Other detectives scour the apartment, gathering filaments with tweezers and depositing them into sealed plastic bags. But the chances they’ll find anything are nil. This makes six homicides in our district in the last year alone, all of them unsolved and seemingly unrelated. Different victims, surroundings, modes of murder—except for one similarity. There’s no DNA evidence, no finger or footprints, no threads or even a random human hair. No sign, even, of forced entry. The perpetrator’s too cautious, and too familiar with police work. Though I’m probably the only one on the force to admit it, the killer we’re after is serial.
I look at my watch—10:14—and pull on elastic gloves. I don’t bother with the body and the dingy furniture around it, but instead slip into the kitchen. There’s a wooden knife rack on the counter and I pull out the biggest blade. Sure enough, bloody. I bag the weapon, pass it to a sergeant, and move on to the refrigerator.
One can learn a lot from a refrigerator. Whether the victim was a vegetarian, for example, or an alcoholic. But the interior doesn’t interest me as much as the exterior which, thanks to magnets, tells me volumes.

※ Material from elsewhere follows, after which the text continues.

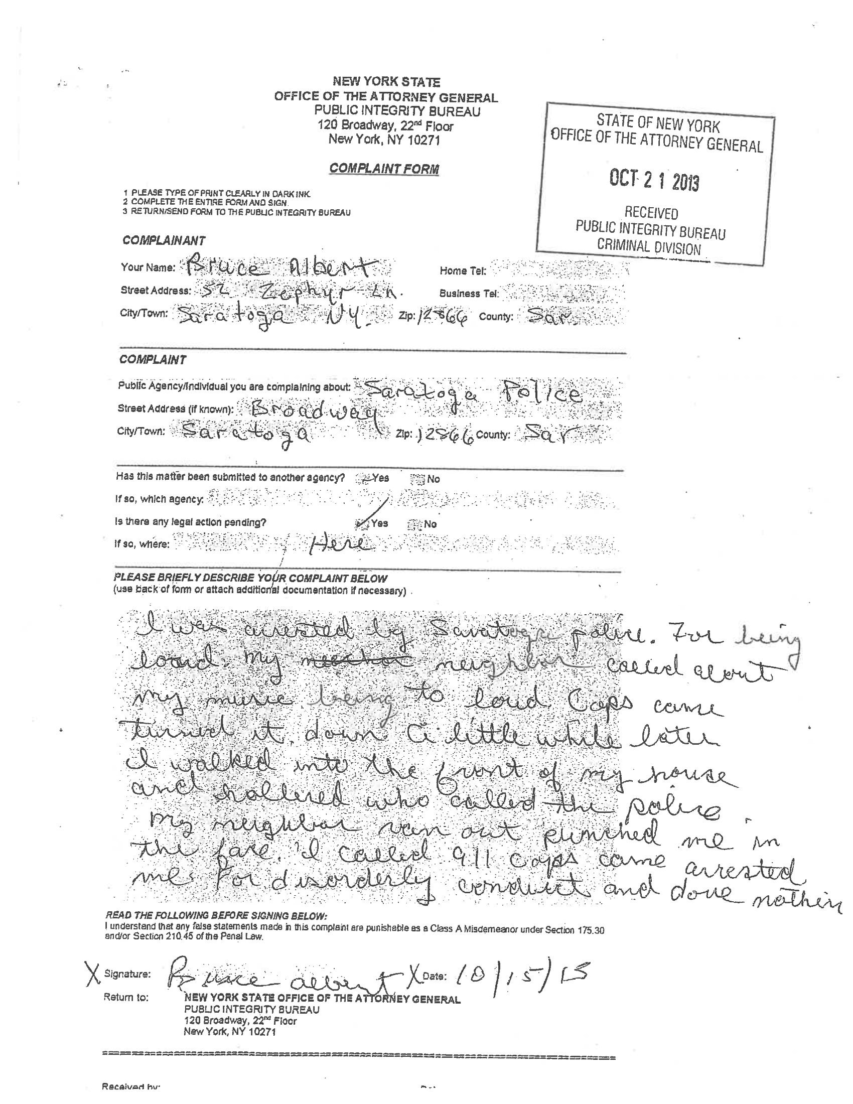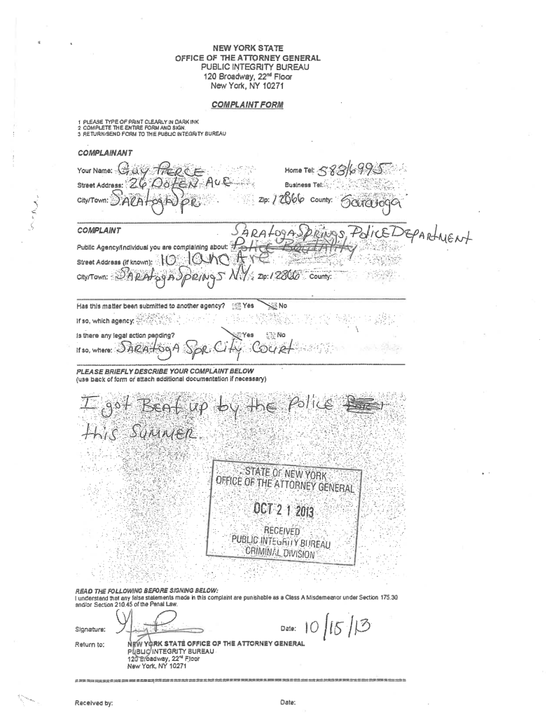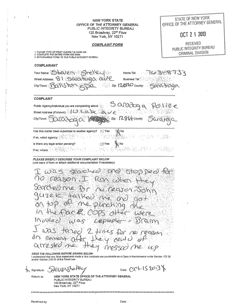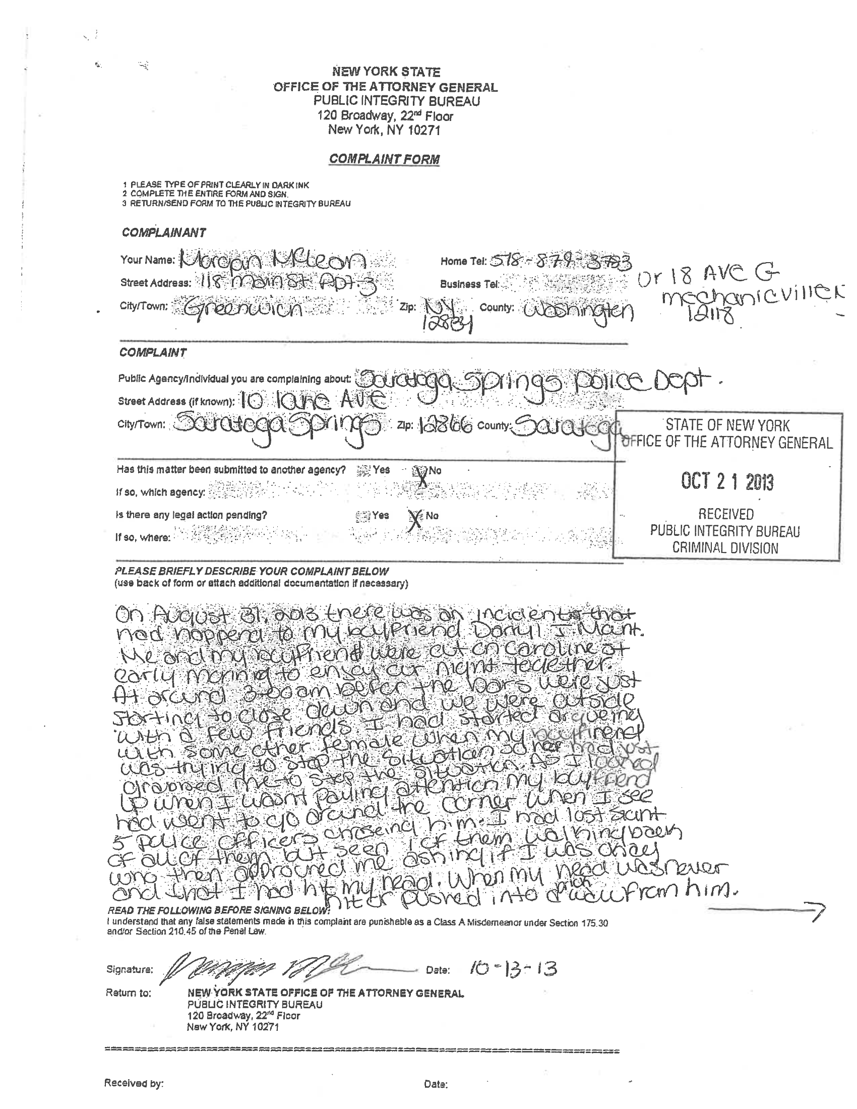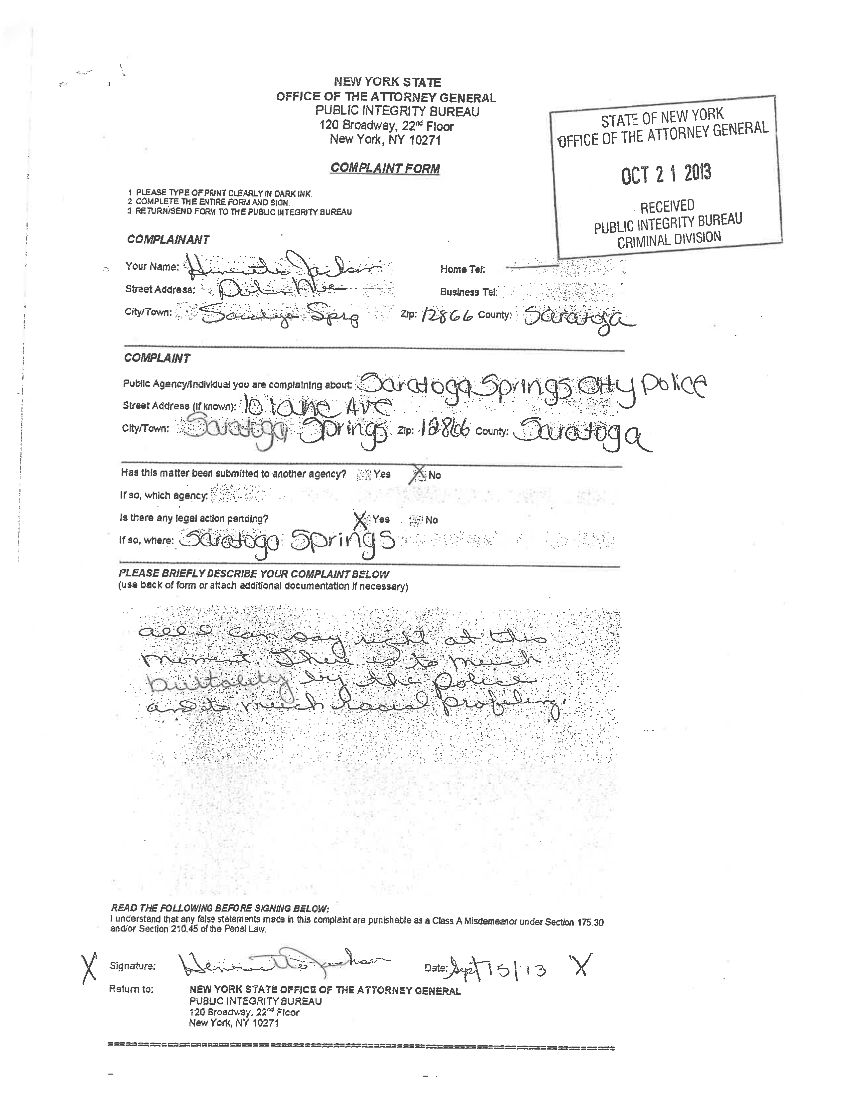 According to the documents the Attorney General received quite a number of complaints regarding the Saratoga Springs Police Department. Many of these complaints related to the Darryl Mount incident. As the readers of this blog know, Mr. Mount was mortally hurt following a police chase in Saratoga Springs in the fall of 2013.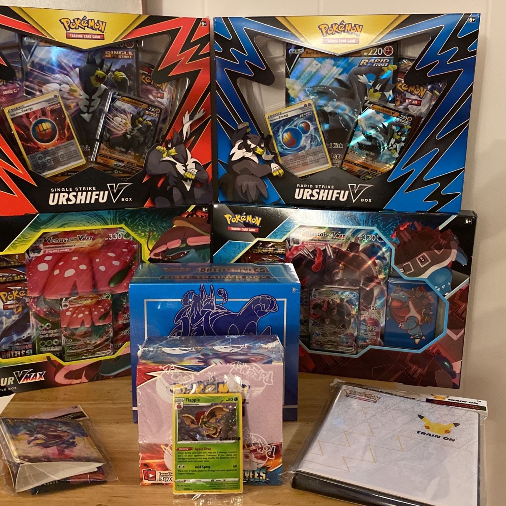 I have a couple sealed box sets prices are as follows: Urshifu box set - 35 Venusaur/Blastoise - 40 Battle style elite trainer box - 65 Battle styles boost box - 180 Pokemon binder - 15 Treasure chest set - 40 Flapple GameStop exclusive - 15 Battle style booster packs - 6 Adjusted prices accordingly. Interested in trades for Nintendo switch or older retro games. Feel free to ask questions.

That’s how I discover the dead woman’s name, Freida Adams, and her occasional need for chiropody. There’s a monthly staff meeting where Freida worked, in the social services division of St. John’s Cathedral, and a charity bake sale in the park. Not many Adams’s sending Aunt Freida Christmas cards or family photos, though, and she apparently traveled alone. And Freida liked to travel. To Charleston and Sedona, Hialeah and New Orleans. Each destination has its own magnet, many shaped like the state or island, each enameled with coconut trees and beaches, racehorses and jazz bands. Freida prided herself on those magnets, arranging them on the freezer door in a rectangle so neat I could clearly see that one of them—vaguely fist-shaped—was missing.